Well, I didn't see this one coming. For some reason combining sentient fungi, hard boiled detective, science fiction and magic did not add up to a winning medley in the space between my ears. Fortunately the exceptions are always worth the however many times I end up thoroughly annoyed at myself for trying something outside my norms. Sometimes it's good to try new oddball books.
In any case, Finch is a detective working for the walking mushrooms who have taken over the city of Ambergris (an interesting choice of name if ever there was one). As anyone would expect in a city named after a substance from the aft end of a whale, Finch has to solve a double murder case. To say that the path he takes is convoluted would be understating things a great deal. There are smooth transitions to flash backs when something from Finch's past becomes relevant to the story before the reader, but they don't interrupt so much as add new textures to Finch himself.

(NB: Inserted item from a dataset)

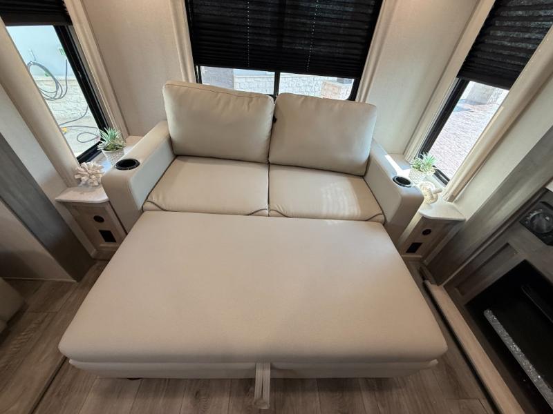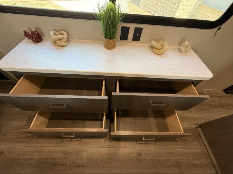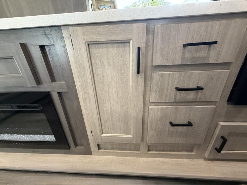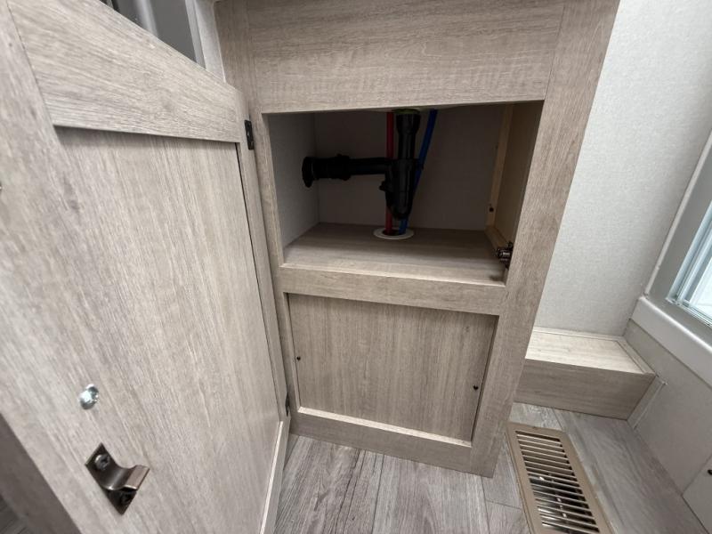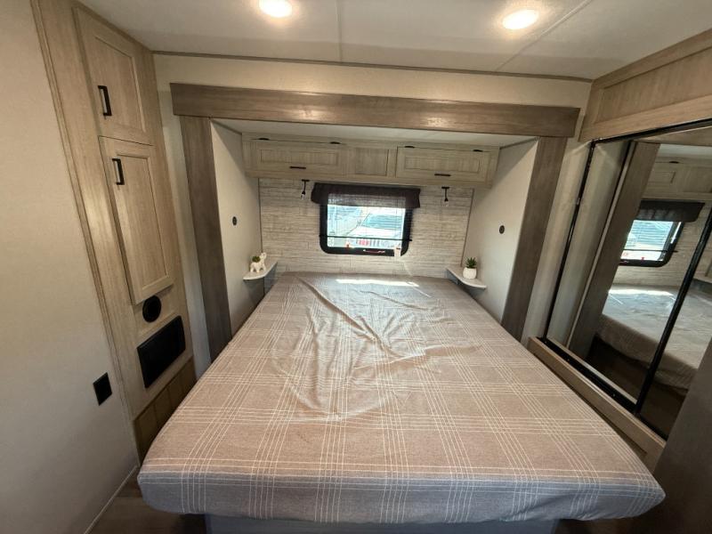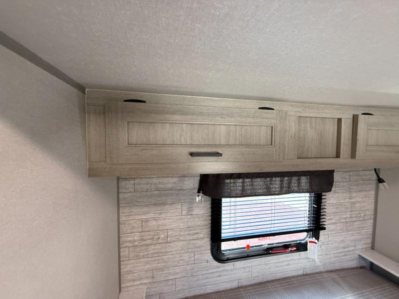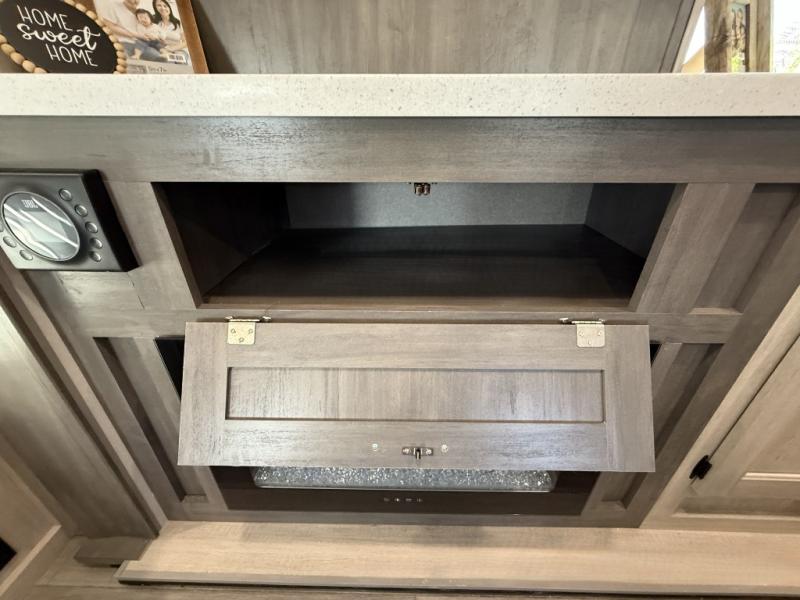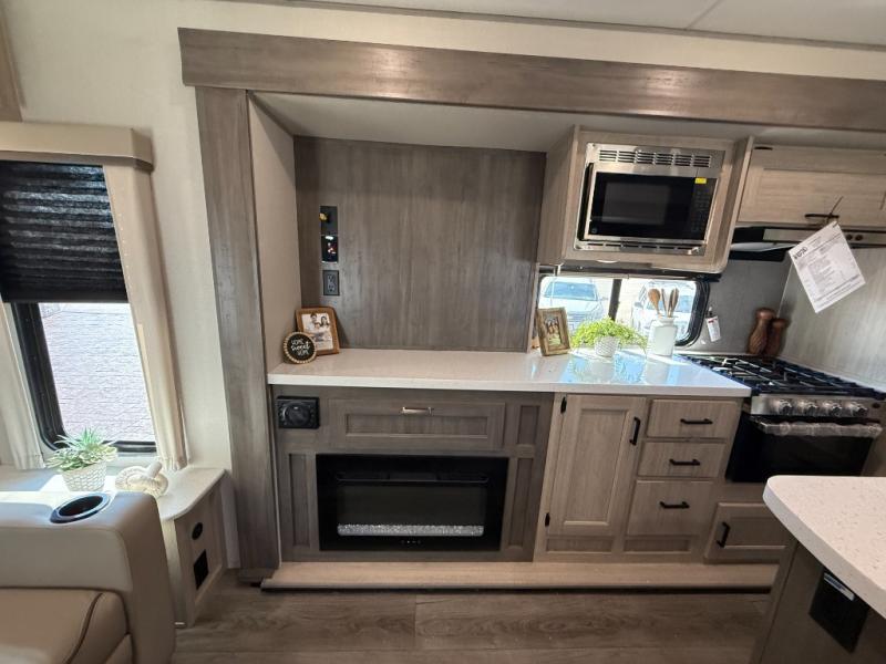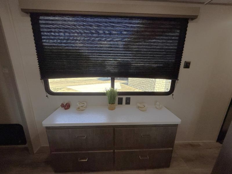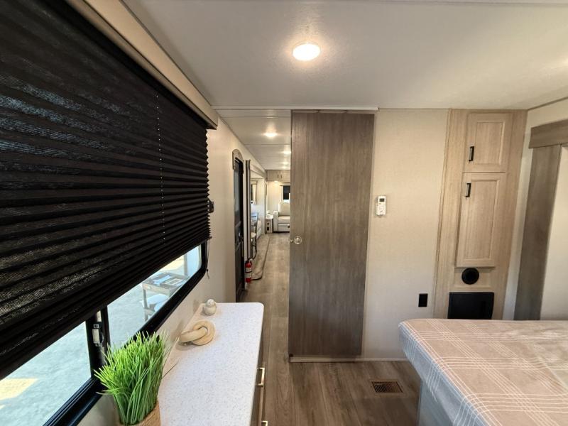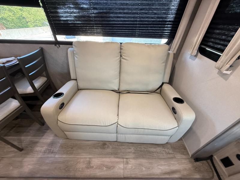 It's not hard to find comfort in this travel trailer with its triple slides, theater seating, and spacious full bath. Once your crew is settled and unpacked, head outdoors to relax under the two power awnings with multicolored LED lights, or grab the fishing poles from the exterior storage and head to the water. If you'd rather spend your day inside you'll find all the comforts of home; theater seating, a sofa and booth dinette, plus a fully equipped kitchen, complete with a kitchen island! You will love having your own space in the front bedroom that includes a queen bed slide out, a dresser, plus two closets. There is even washer and dryer prep if you plan to go full-time!

Lest you think that I refer to just the plot line, the character development in this novel is also quite the tangled skein. Finch continually lies to himself, but as the yarn progresses, he begins to stop doing so and reorient his mind set to something somewhat better than the constant nervous edge he had before. Granted as soon as I found out he had a cat I was rooting for him, but I still enjoyed the gradual zoom out of how his relatively minor investigation affected Ambergris at large and how his past intersected with the various factions around the city.

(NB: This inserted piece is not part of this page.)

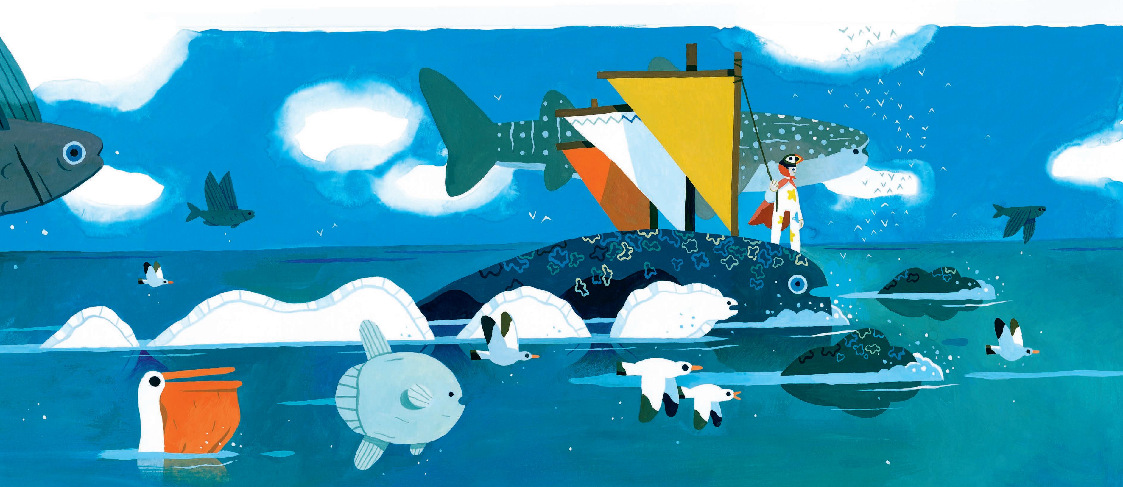 Un matin, un géant attend un enfant à la fenêtre de sa maison. Ils ne se sont jamais vus mais se reconnaissent immédiatement. Le géant prend l’enfant par la main et l’emmène pour un périple autour du monde. Lors de ce voyage initiatique et fantasmagorique, le géant protéiforme se métamorphose et change d’apparence au fil des paysages qui défilent et rivalisent de beauté. Cette aventure ne dure le temps que d’une journée mais changera à tout jamais les deux héros de cette formidable épopée. Poésie du texte, onirisme des illustrations, ce magnifique album raconte avec une grande sensibilité une histoire universelle : celle de l’éveil au monde.
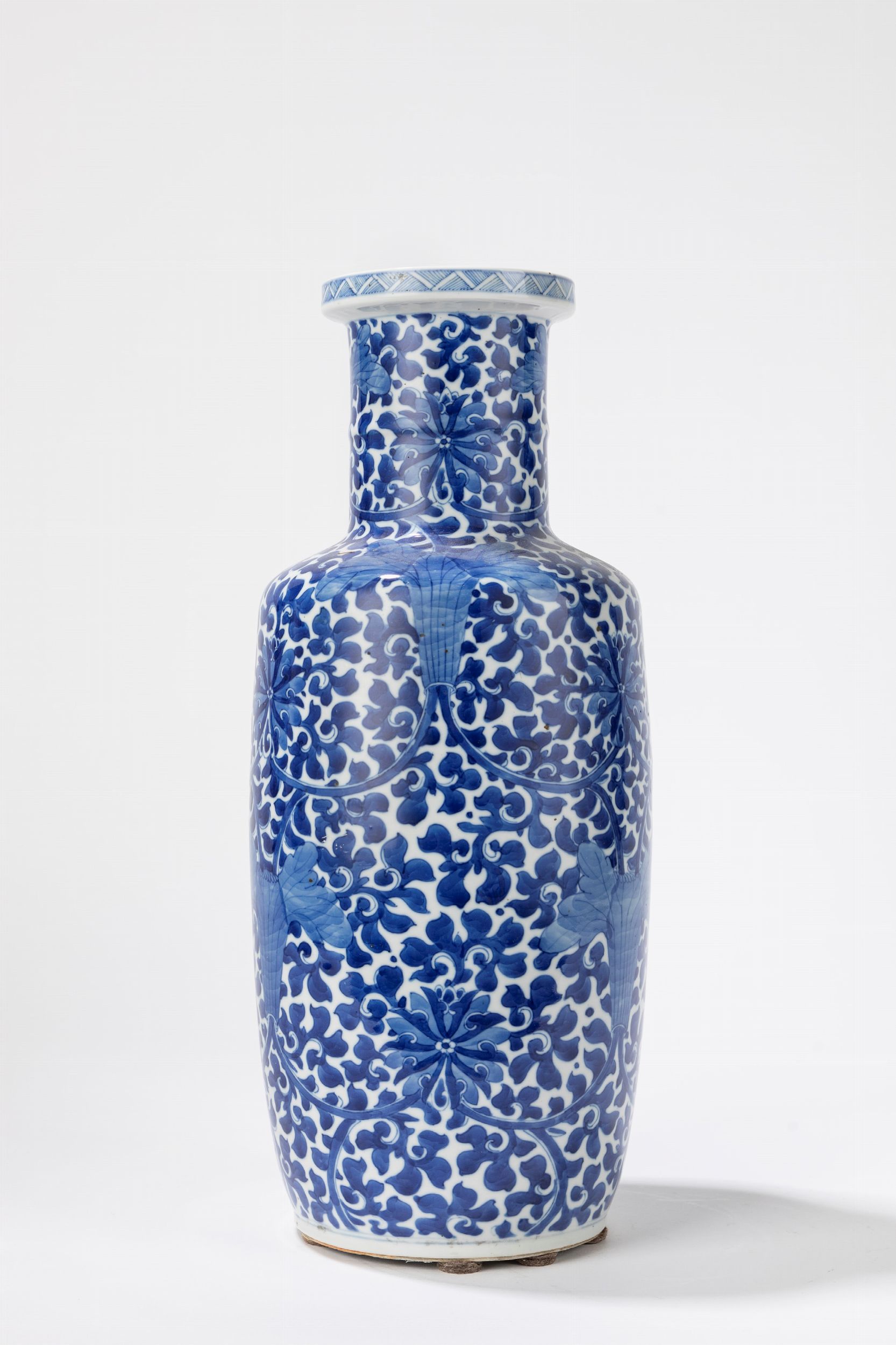 Vaso a rullo in porcellana bianca e blu. Cina, periodo Guangxu (1875-1908)

The story seems less to be about investigation than it is about Finch's reactions to each new development in his case and the reactions of the people around him. The main players who intersect with his investigation were interesting because they set the stage for the post-Rising world far better than Finch did in the beginning of the book. Finch hedges his own allegiances at nearly every turn and it made for a nice contrast between him and everyone else who did know where they were in relation to the other factions from the Grey caps to the rebels to the spies from Stockton. I really liked Rathven the librarian in particular.
Pretty much the only major gripe I had with the novel was that Finch sometimes seemed too passive at times for my tastes. Fortunately, the interesting setting, the appearance of oddball characters (of whom only a few seem like hard boiled staples) and the fun shifts in flashback and then the revelations surrounding the human-ish murder victim. I found this to be a slow building but entertaining read overall. I shall now have a new spot to explore on my metaphorical reading map. Here there be fungi.